[What is being asked]: After locating the line with "拜师后本人到达4399等级可" in the data that follows, return it and every later line exactly, up to and including the line with "redir? A) 5".

[Source data]:
________________
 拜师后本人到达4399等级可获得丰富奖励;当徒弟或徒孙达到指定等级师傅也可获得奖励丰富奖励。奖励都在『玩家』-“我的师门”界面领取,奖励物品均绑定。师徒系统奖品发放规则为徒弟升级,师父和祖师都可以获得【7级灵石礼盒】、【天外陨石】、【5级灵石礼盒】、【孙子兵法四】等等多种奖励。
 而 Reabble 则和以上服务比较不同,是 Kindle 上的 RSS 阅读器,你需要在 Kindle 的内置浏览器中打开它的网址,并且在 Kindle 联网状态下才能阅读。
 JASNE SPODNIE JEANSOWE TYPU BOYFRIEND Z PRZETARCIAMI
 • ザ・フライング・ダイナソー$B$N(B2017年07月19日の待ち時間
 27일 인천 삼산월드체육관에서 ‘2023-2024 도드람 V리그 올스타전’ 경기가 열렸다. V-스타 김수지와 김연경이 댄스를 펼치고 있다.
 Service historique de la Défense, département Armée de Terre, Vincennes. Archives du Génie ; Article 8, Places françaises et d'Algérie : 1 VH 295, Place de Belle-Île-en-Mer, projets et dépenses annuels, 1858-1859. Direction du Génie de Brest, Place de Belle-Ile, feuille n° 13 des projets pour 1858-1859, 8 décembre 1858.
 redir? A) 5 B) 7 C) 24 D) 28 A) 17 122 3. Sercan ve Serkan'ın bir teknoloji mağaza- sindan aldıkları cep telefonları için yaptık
________________
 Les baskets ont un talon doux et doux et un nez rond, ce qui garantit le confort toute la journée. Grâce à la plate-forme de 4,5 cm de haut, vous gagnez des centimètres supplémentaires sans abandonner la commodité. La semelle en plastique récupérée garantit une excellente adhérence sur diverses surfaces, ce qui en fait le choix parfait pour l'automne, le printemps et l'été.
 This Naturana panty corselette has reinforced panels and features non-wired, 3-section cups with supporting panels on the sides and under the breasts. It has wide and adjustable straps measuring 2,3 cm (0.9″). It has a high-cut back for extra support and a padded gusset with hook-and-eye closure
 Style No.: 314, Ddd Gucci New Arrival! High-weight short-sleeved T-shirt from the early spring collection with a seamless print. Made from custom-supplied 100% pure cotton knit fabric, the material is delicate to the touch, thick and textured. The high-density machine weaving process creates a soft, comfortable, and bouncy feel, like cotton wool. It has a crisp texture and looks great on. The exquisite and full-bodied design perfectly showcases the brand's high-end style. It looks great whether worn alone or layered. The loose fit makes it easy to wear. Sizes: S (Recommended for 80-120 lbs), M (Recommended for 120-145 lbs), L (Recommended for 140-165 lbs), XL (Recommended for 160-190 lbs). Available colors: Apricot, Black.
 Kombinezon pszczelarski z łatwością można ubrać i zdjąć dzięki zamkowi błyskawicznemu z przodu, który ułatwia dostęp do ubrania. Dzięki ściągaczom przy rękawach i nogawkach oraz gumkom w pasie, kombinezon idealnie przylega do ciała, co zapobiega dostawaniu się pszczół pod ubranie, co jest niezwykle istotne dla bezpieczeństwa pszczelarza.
________________
[Answer section]:
 拜师后本人到达4399等级可获得丰富奖励;当徒弟或徒孙达到指定等级师傅也可获得奖励丰富奖励。奖励都在『玩家』-“我的师门”界面领取,奖励物品均绑定。师徒系统奖品发放规则为徒弟升级,师父和祖师都可以获得【7级灵石礼盒】、【天外陨石】、【5级灵石礼盒】、【孙子兵法四】等等多种奖励。
 而 Reabble 则和以上服务比较不同,是 Kindle 上的 RSS 阅读器,你需要在 Kindle 的内置浏览器中打开它的网址,并且在 Kindle 联网状态下才能阅读。
 JASNE SPODNIE JEANSOWE TYPU BOYFRIEND Z PRZETARCIAMI
 • ザ・フライング・ダイナソー$B$N(B2017年07月19日の待ち時間
 27일 인천 삼산월드체육관에서 ‘2023-2024 도드람 V리그 올스타전’ 경기가 열렸다. V-스타 김수지와 김연경이 댄스를 펼치고 있다.
 Service historique de la Défense, département Armée de Terre, Vincennes. Archives du Génie ; Article 8, Places françaises et d'Algérie : 1 VH 295, Place de Belle-Île-en-Mer, projets et dépenses annuels, 1858-1859. Direction du Génie de Brest, Place de Belle-Ile, feuille n° 13 des projets pour 1858-1859, 8 décembre 1858.
 redir? A) 5 B) 7 C) 24 D) 28 A) 17 122 3. Sercan ve Serkan'ın bir teknoloji mağaza- sindan aldıkları cep telefonları için yaptık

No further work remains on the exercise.